Li Xianfeng, Zhang Qinghua, Jin Xiayun, Cao Lihua
Department of Graduate School, the Second Hospital Affiliated to Dalian Medical University, Dalian, 116027, Liaoning, China.
Department of Clinical Medicine, the Second Hospital Affiliated to Dalian Medical University, Dalian, 116027, Liaoning, China.
World J Surg Oncol. 2017 May 25;15(1):107. doi: 10.1186/s12957-017-1171-y.
BACKGROUND: Our study was designed to improve the accuracy of determining whether pulmonary nodules are benign or malignant.

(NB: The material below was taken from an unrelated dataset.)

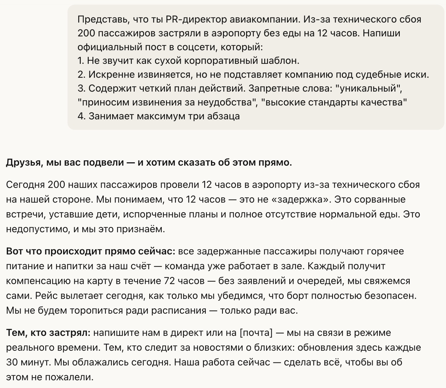 Как и другие ИИ, Claude отлично подходит для работы с текстом. Здесь сложно выделить какие-то преимущества и недостатки, потому что все популярные ИИ уже одинаково хорошо могут писать и редактировать текст. Однако многие пользователи отмечают, что тексты в Claude получаются «человечнее».

We evaluated the clinical and imaging features and serum markers: neuron specific enolase (NSE), carcino-embryonic antigen (CEA), cytokeratin fragment antigen 21-1 (CYFRA 21-1), miRNA-21-5p, and miR-574-5pof in 39 patients with pathology information. Factors that differed significantly between those with benign versus malignant pulmonary nodules were used to establish a prediction model for identifying malignant nodules.
The studied nodules were 51.3% malignant and 48.7% benign. Age, smoking status, nodule diameter, history of emphysema, vascular sign, burr sign, CYFRA21-1, CEA, miRNA-21-5p, and miRNA-574-5p differed significantly between the benign and malignant nodule groups. Serum levels of CYRFA21-1 and CEA could be used to distinguish between malignant and benign nodules with a positive predictive value (PPV) of 80.0%, a negative predictive value (NPV) of 84.2%, and an area under the receiver operating characteristics curve (AUC) of 0.863. Using the serum levels of miRNA-21-5p and miRNA-574-5p, the PPV was 55%, the NPV was 84.2%, and the AUC was 0.797. When all four serum markers were combined, the PPV was 80%, the NPV was 89.5%, and the AUC was 0.921. We established a prediction model for malignant nodules, including clinical features, imaging features, and serum markers. In cross-validation, the ratio of discriminant conformance was 95%.
Serum levels of miRNA-21-5p and miRNA-574-5p are significantly higher in patients with malignant nodules than in patients with benign nodules and are potential serum biomarkers. Our prediction model could improve malignant nodule diagnosis.
背景:我们的研究旨在提高判断肺结节是良性还是恶性的准确性。
我们评估了39例有病理信息患者的临床和影像特征以及血清标志物:神经元特异性烯醇化酶(NSE)、癌胚抗原(CEA)、细胞角蛋白片段抗原21-1(CYFRA 21-1)、miRNA-21-5p和miR-574-5p。良性与恶性肺结节患者之间存在显著差异的因素用于建立识别恶性结节的预测模型。
所研究的结节中,恶性占51.3%,良性占48.7%。年龄、吸烟状况、结节直径、肺气肿病史、血管征、毛刺征、CYFRA21-1、CEA、miRNA-21-5p和miRNA-574-5p在良性和恶性结节组之间存在显著差异。CYRFA21-1和CEA的血清水平可用于区分恶性和良性结节,阳性预测值(PPV)为80.0%,阴性预测值(NPV)为84.2%,受试者工作特征曲线下面积(AUC)为0.863。使用miRNA-21-5p和miRNA-574-5p的血清水平,PPV为55%,NPV为84.2%,AUC为0.797。当将所有四种血清标志物联合使用时,PPV为80%,NPV为89.5%,AUC为0.921。我们建立了一个恶性结节预测模型,包括临床特征、影像特征和血清标志物。在交叉验证中,判别一致性比例为95%。
恶性结节患者的miRNA-21-5p和miRNA-574-5p血清水平显著高于良性结节患者,是潜在的血清生物标志物。我们的预测模型可改善恶性结节的诊断。